My willingness to get a family pet came after my husband and I were unable to conceive. I did not enjoy the hormones that the doctors prescribed to get pregnant. My husband did not enjoy me while I was on the hormones.

A few months after our decision to end the process, my stepson voiced a desire for a dog. Growing up, my family never had pets. My mother and father had five children on their hands. I imagine that was enough herding and wrangling for them. I had attempted pet ownership in years prior. I shirked the responsibilities of my two prior pets onto my more human friends when things got hard. Those two pets spent less than three months total time with me. I was under 30 years old during that time.

About six months after my stepson had begun to ask for a dog, we found our first furry friend in February 2012. Chewbacca was a two month old brown mutt who my husband immediately loved. He made me fill out the paperwork at the adopt-a-dog event because he refused to put “Chewie” back down. Someone else may want him. By February 2013, Shaggy and Baxter had joined our household.

Learning to like pet ownership was not made easy by my three chewing, pooping, peeing, loving lads. By the time we get home from work at 6:00 p.m., they demand attention. Daily, they need to go out, walked, fed, and occasionally, also washed and groomed. In short, they are work. If I pick up my computer or a book to read before I have given them enough attention, they will let me know it.

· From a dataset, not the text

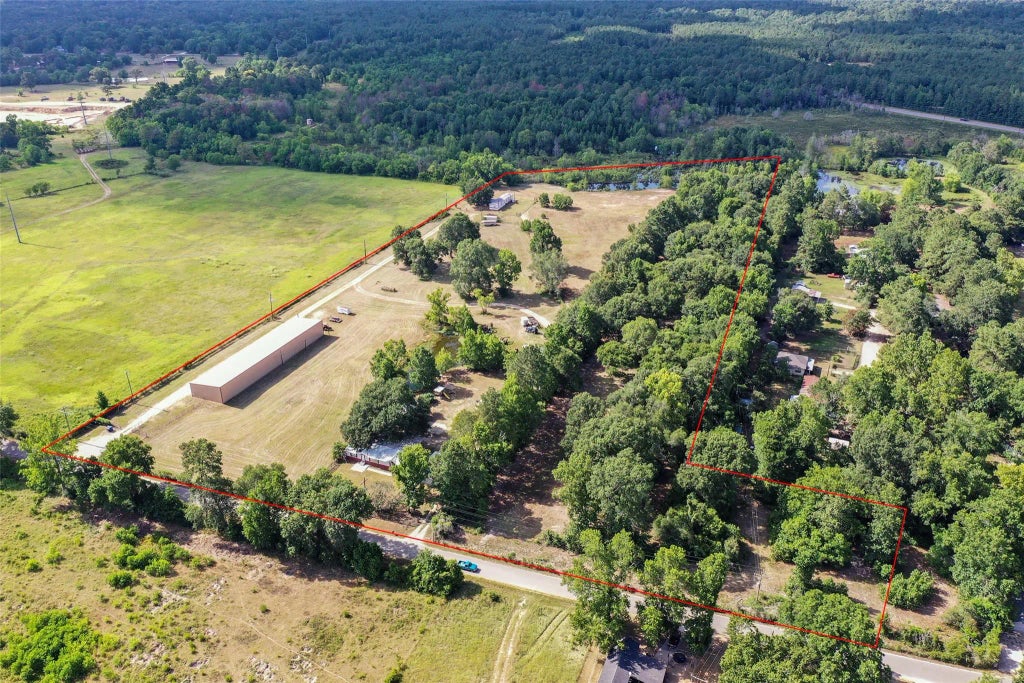 This listing is for a 5 acre property to be divided with a 1216 sqft 3/2 single-wide mobile home at the rear with covered porch which may be included or excluded. Plenty of space to expand. Please call with questions. Owner does have the capability to clear the acreage or build pad sites. The shop is 7200 sqft red iron metal building/warehouse. 3-phase power and 3 60x40 spaces inside with 14 ft tall x 16 ft wide doors. Building is 20 ft high at the peak with iron ore floors. 18 Wheeler accessible. 10 total acres available with shop for additional price with two houses, and two ponds.

And, you guessed it, my husband and stepson do not contribute as much as I do to the care and upkeep of our furry friends. But here’s the thing, I am okay with that.

By becoming my pets’ primary caretaker, I have learned about myself.

Our family pets have given me more than I give them. Examine a photo representation of Maslow’s Hierarchy of Needs, I posit that I help meet their basic needs- food, water, warmth, rest, security, and safety.

I posit that they help meet my psychological needs. They provide me friendship and companionship. Every morning before 6:00 a.m., I get up to start writing. Within fifteen minutes, they leave the warmth of our bedroom to snuggle next to me on the couch while I write. When I find myself laid up due to illness, they will remain at my side while I recover. They are devoted. They force me to take good actions. Because I know that their behaviors will be more relaxed, I try to take them out for a walk in the evenings. And, by walking them in the evenings, I am taking an action that benefits me. The walk in the evening benefits me as I have sat all day in an office. I feel a sense of accomplishment for getting exercise and doing something for my dogs.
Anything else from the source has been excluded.